Фигура Шовковшитного создана, кажется, специально для произнесения речей и словечек. В конце повести он "перековывается", но это происходит так неубедительно и так неожиданно, что о его перековке не стоило бы и говорить. На с. 76 Шовковшитный находится на верхней точке своего петлюровского "взлета", а на с. 93 он уже "перековался" и изменяет своему "вдохновителю" Гордиенко, которому только недавно, семнадцать страниц назад, давал горячую и преданную клятву.
Если поверить автору и признать "перековку" Шовковшитного действительно происшедшей, то все-таки останется тайной, куда же девался настоящий Шовковшитный, этот озлобленный, наглый, разложившийся и морально отвратительный человек. Чудо его "перековки" тем более невероятно, что в повести, собственно говоря, никто и не занимался его перековкой.
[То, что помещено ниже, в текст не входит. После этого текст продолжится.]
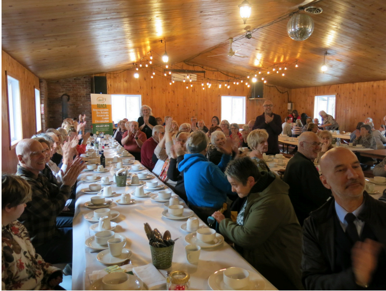
Une belle tablée! Plus de 60 personnes étaient présentes.

Шовковшитный в повести развернуто показан до "перековки". Сначала изображается его неудачная юность, смерть его отца, его жажда мести и самая месть: покушение на убийство председателя сельсовета, а потом ссылка в "несимпатичную" хибинскую природу. Здесь Шовковшитный становится организатором всякого сопротивления труду и представителем петлюровского цинизма.
Веньке Салых, одному из самых "порядочных" кулацких сынов, добившемуся бригадирства на стройке и мечтающему о хорошей комнате и женитьбе, принадлежит авторство довольно сомнительной символической линии, поведенной через повесть.
"Горностай - царский зверь. Раньше царям на шубы шел, теперь на экспорт бьют. Очень дорогой зверь, поймать его трудно, а в клетку засадить прямо невозможно. Я пробовал. Не берет еду, только глядит жалобно так и злобно".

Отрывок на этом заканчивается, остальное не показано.